Thank You So Much!! It is just So hard... We did Everything to make sure She was ok!! Years ago, She was "not herself" I took Her straight to the Vet, and told them. They said She had arthritis, I asked for them to check Her Thyroid levels. The doctor told me that she looking at Rox, she couldn't be hypothyroid, A few days later, I got the call that She Was!! Oh Rox, I always knew when something was wrong, Please forgive this time!! How did I not know?!!


----------



## GoldensGirl (Aug 2, 2010)

daddysgirl said:


> ... Oh Rox, I always knew when something was wrong, Please forgive this time!! How did I not know?!!
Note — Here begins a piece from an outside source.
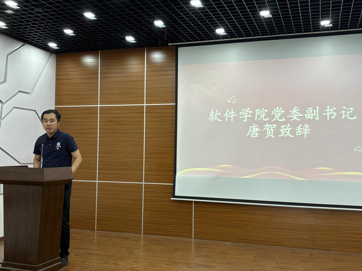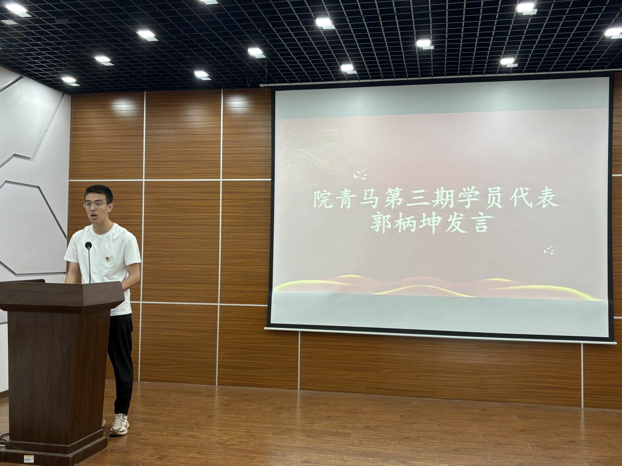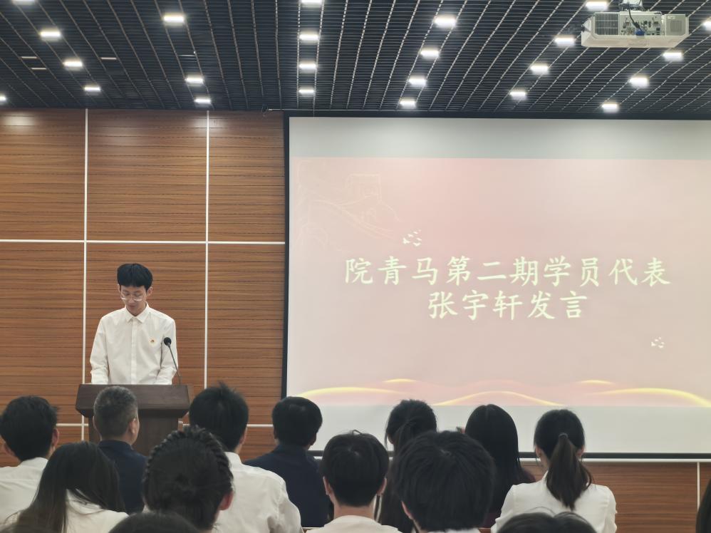 仪式在庄严的国歌声中拉开帷幕。首先,院青马第二期学员代表、班长张宇轩上台发言。他以“‘青’火不息,向光而行”为主题,回顾了在第二期“青马工程”培训班的学习历程,分享了自己在理论学习、实践活动中的收获与成长。他鼓励第三期学员要珍惜机会,努力学习,在“青马工程”培训班中锤炼自己,成为有理想、敢担当、能吃苦、肯奋斗的新时代好青年。

I hope you know that Rox knows so well how much you love(d) her. The last thing she wants and needs now is for you to feel guilty. Please do your best to put that out like the garbage that it is. You did your best for her when she was with you in the flesh and now you can do your best for her while she is with you in spirit. Send every negative thought into the ground like the fertilizer that it should be and celebrate every memory and day that remains. That would make your Roxy so happy. 

With you in spirit,
Lucy


----------



## daddysgirl (Feb 27, 2007)

GoldensGirl said:


> I hope you know that Rox knows so well how much you love(d) her. The last thing she wants and needs now is for you to feel guilty. Please do your best to put that out like the garbage that it is. You did your best for her when she was with you in the flesh and now you can do your best for her while she is with you in spirit. Send every negative thought into the ground like the fertilizer that it should be and celebrate every memory and day that remains. That would make your Roxy so happy.
> 
> With you in spirit,
> Lucy


Thanks, I think it is the nurse in me that needs to know Why my sweet girl died!! As I walked out, I almost walked back in to ask for a necropsy!!


----------



## Ylan's Mom (May 14, 2013)

I am so sorry for the loss of your Roxy. It is so hard, we miss them so much. It might be hard to believe now but time will help. In the meantime give yourselves space to both grieve and honor her. Also, thank for all the wonderful gifts she brought to your lives and the memories that will live forever. My prayers are with you.


----------